### GOAL OF THE EXERCISE
Everything from the line that contains "Figure 13: (From" through the last line below should be transcribed exactly, except the pictures.

### INFORMATION SUPPLIED
____

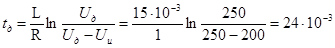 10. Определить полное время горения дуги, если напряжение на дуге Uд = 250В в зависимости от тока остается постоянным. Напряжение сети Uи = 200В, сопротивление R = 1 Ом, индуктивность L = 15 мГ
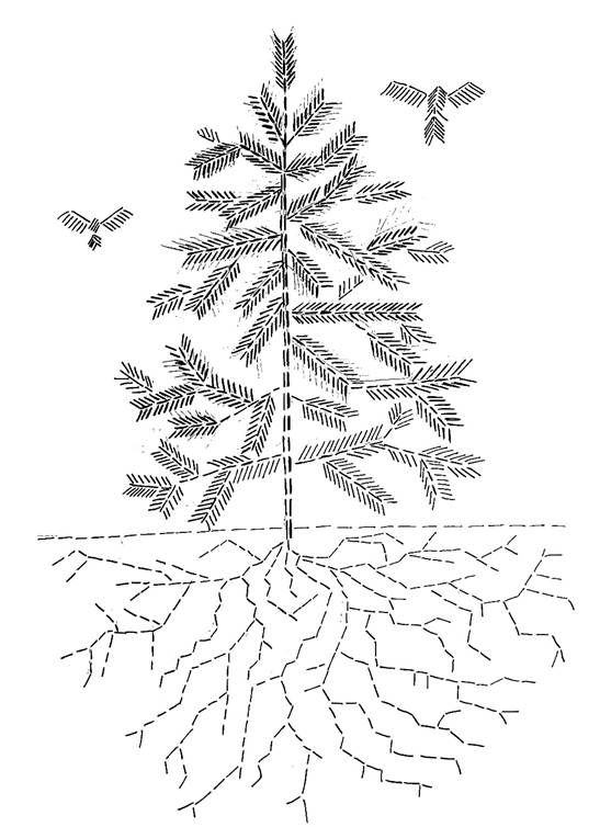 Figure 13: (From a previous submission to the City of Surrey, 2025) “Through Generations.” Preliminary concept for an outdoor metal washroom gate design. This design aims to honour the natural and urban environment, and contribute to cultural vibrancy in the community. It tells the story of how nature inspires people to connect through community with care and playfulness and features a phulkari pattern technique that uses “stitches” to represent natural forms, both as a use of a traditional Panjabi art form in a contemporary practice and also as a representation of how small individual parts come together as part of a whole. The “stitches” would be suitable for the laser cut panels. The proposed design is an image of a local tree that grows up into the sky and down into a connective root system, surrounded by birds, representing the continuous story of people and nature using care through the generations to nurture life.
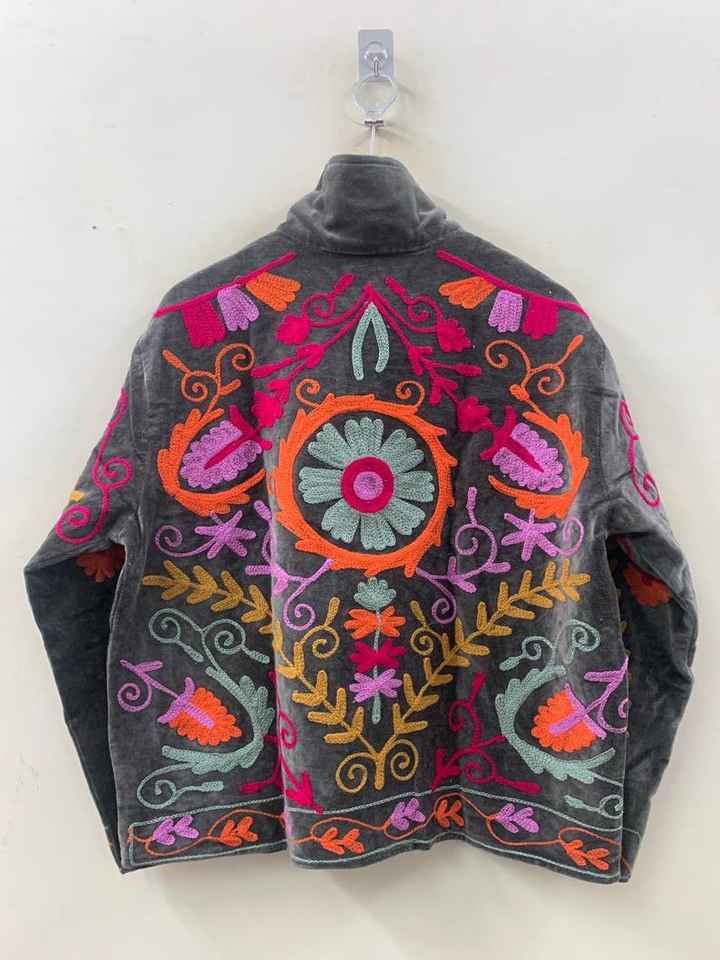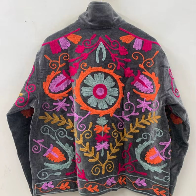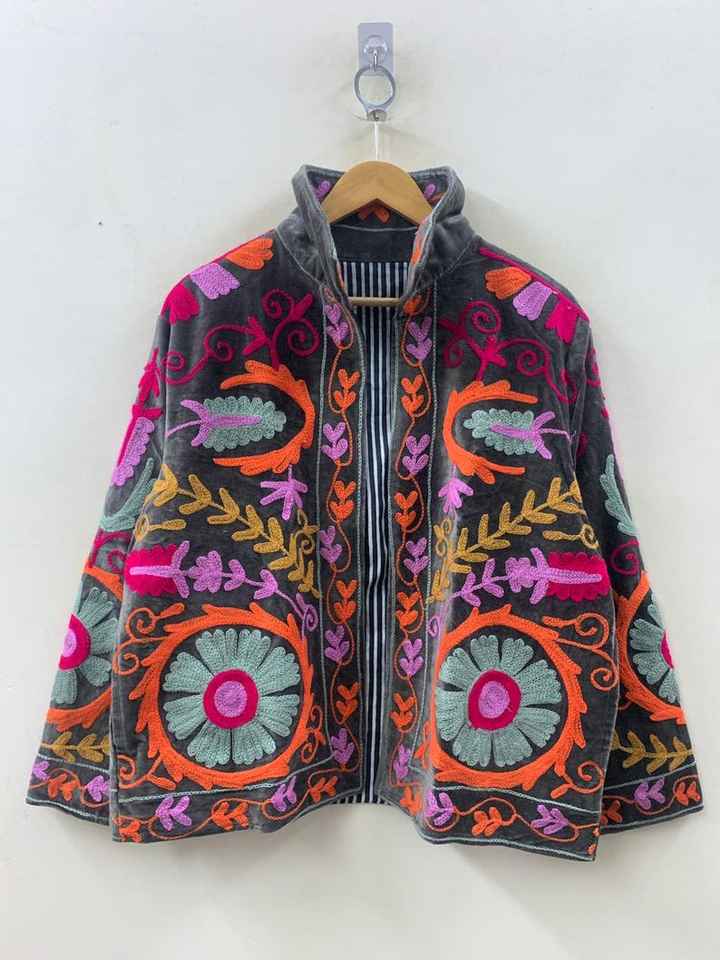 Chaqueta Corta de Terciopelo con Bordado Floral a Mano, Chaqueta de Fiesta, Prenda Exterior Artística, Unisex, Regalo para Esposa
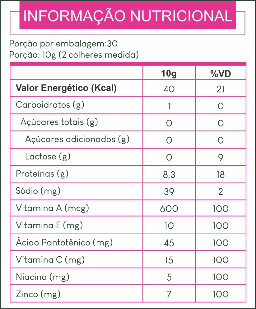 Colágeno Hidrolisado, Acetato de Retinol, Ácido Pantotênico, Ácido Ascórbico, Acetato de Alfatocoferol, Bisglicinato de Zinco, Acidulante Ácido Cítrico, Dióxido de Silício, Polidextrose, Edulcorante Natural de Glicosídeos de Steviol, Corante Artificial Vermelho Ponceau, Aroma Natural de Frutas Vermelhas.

____

### RESULT BELOW
 Figure 13: (From a previous submission to the City of Surrey, 2025) “Through Generations.” Preliminary concept for an outdoor metal washroom gate design. This design aims to honour the natural and urban environment, and contribute to cultural vibrancy in the community. It tells the story of how nature inspires people to connect through community with care and playfulness and features a phulkari pattern technique that uses “stitches” to represent natural forms, both as a use of a traditional Panjabi art form in a contemporary practice and also as a representation of how small individual parts come together as part of a whole. The “stitches” would be suitable for the laser cut panels. The proposed design is an image of a local tree that grows up into the sky and down into a connective root system, surrounded by birds, representing the continuous story of people and nature using care through the generations to nurture life.
 Chaqueta Corta de Terciopelo con Bordado Floral a Mano, Chaqueta de Fiesta, Prenda Exterior Artística, Unisex, Regalo para Esposa
 Colágeno Hidrolisado, Acetato de Retinol, Ácido Pantotênico, Ácido Ascórbico, Acetato de Alfatocoferol, Bisglicinato de Zinco, Acidulante Ácido Cítrico, Dióxido de Silício, Polidextrose, Edulcorante Natural de Glicosídeos de Steviol, Corante Artificial Vermelho Ponceau, Aroma Natural de Frutas Vermelhas.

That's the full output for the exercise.